Statistical analysis was conducted with the Statistical Package for the Social Sciences version 20.0 (SPSS Inc., USA), and a two-sided P<0.05 was considered statistically significant. Continuous data were assessed for normality through Kolmogorov–Smirnov test. Among them, the normally distributed ones were expressed as mean±standard deviation (SD) and compared for intergroup differences through Independent-Samples t-test, and the non-normally distributed ones were expressed as median and interquartile range and compared for intergroup differences through Mann–Whitney U-test. Categorical data were expressed as percentages/ratios (%) and compared for intergroup differences through chi-square test. The variables with two-sided P<0.10 in univariate analysis were included in binary logistic regression model to determine risk factors for MCI in PD patients. The receiver operating characteristic (ROC) curve was employed to assess the predictive values, and the Z test was employed to compare the area under curve (AUC).

Results General Data

During the study period, 429 PD patients were recruited. Among them, 21 patients were excluded due to refusal of study participation, 12 patients due to presence of signs or symptoms for other (atypical) disease, 4 patients due to prior medications for PD, 3 patients due to occurrence of NPH, and 2 patients were excluded occurrence of predominant postural tremor and polyneuropathy. Finally, a total of 387 patients were included in this study.

These 387 patients contained 221 males (57.1%) and 166 females (42.9%) with an average age of (63.68±8.12) years old. The average disease duration was (13.06±7.75) months, and average total brain and periventricular WMH volumes were 1.16±0.65 and 1.03±0.52 cm3, respectively. MCI was determined in 195 PD patients with an incidence of 50.4%.

Univariate Analysis

Univariate analysis was performed between PD patients with MCI and without MCI. The results (Table 1) demonstrated that age, duration of education, disease duration, MDS-UPDRS part III score, hypertension, total brain WMHs, PWMHs, Hcy and Cys C levels were statistically different (P <0.05), while the rest variables were not (P >0.05). But the P value of hyperlipidemia was <0.10.

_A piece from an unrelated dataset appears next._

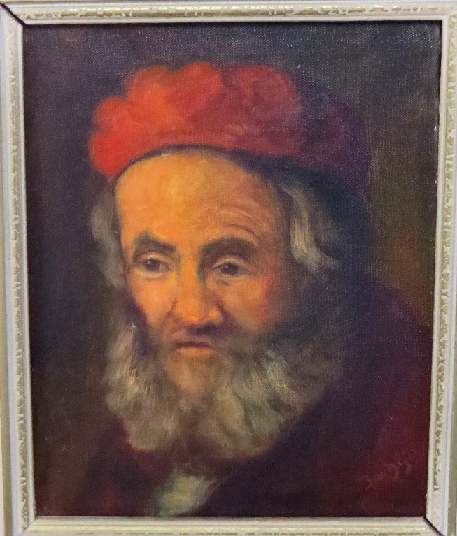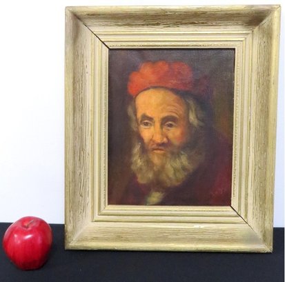 One of four older male portrait paintings from the same estate, acquired in Europe in the early 1950's. This one depicting an elderly man with curly beard wearing a red cap. Primarily a landscape/nautical artist (and later in life floral still life's). Three of the four portrait paintings offered in this sale are believed to be his work. Greenish gold gilt frame measures 14.5" x 17" with 11 x 9" visible work.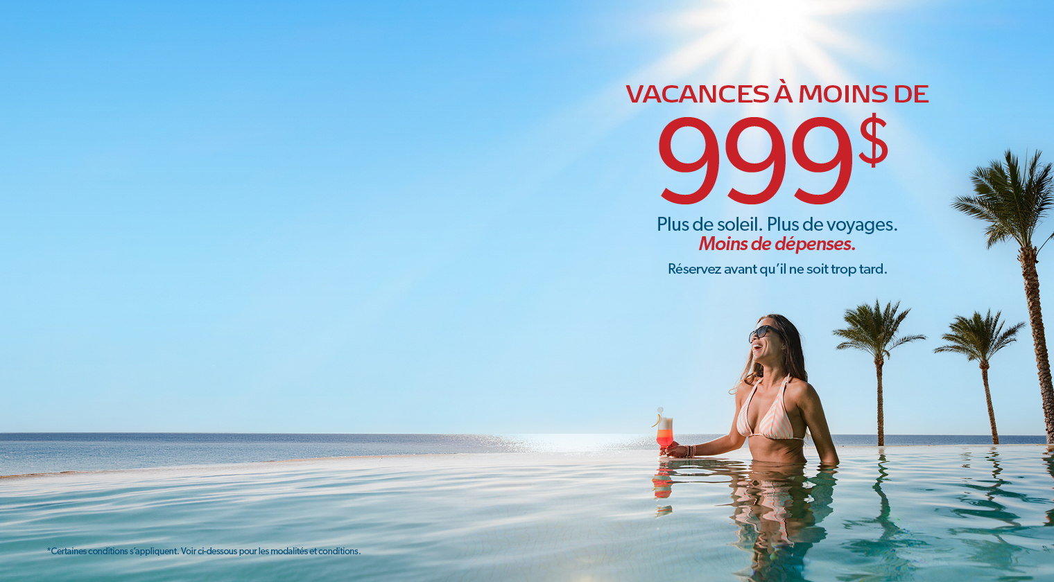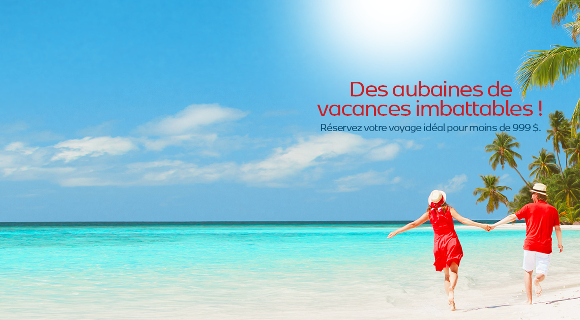 Tous ces forfaits vacances sont à moins de 999 $ et en solde ! Réservez aujourd’hui ces superbes forfaits vacances dans les Caraïbes, au Mexique, en République dominicaine et à Cuba

Table 1 Univariate Analysis Results Between PD Patients with MCI and Without MCI

Multivariate Analysis

In order to determine risk factors for MCI in PD patients, age, duration of education, disease duration, MDS-UPDRS part III score, hypertension, total brain WMHs, PWMHs, hyperlipidemia, Hcy and Cys C levels were included in binary logistic regression model for multivariate analysis. Multivariate analysis results showed that PWMHs [odds ratio (OR): 5.162, 95% confidence interval (CI): 2.318~9.527, P<0.001], Hcy levels (OR: 1.189, 95% CI: 1.071~1.405, P=0.008) and MDS-UPDRS part III score (OR:1.173, 95% CI: 1.062~1.394, P=0.019) were independently correlated with MCI in PD patients after adjusting for confounders, including age, duration of education, disease duration, hypertension, total brain WMHs, hyperlipidemia and Cys C levels (all P>0.05).

Predictive Values

The ROC curve was used to assess the predictive values of PWMHs, Hcy levels and their combination for MCI in PD patients, and the results (Figure 1) showed that the AUCs of PWMHs, Hcy levels and their combination were 0.701 [standard error (SE): 0.026, 95% confidence interval (CI): 0.647~0.752, P<0.001], 0.688 (SE: 0.027, 95% CI: 0.635~0.742, P<0.001) and 0.879 (SE: 0.018, 95% CI: 0.844~0.915, P<0.001), respectively. Z test showed that the AUC of combination prediction was significantly higher than those of individual predictions (0.879 vs 0.701, Z=5.629, P<0.001; 0.879 vs 0.688, Z=5.886, P<0.001). The ROC curve of combination prediction was drawn with the probability derived from logistic regression model. Their clinical utility indexes were demonstrated in Table 2. According to Table 2, the clinical utility indexes of combination prediction were relatively high, and therefore it could be applied in the prediction of MCI in PD patients.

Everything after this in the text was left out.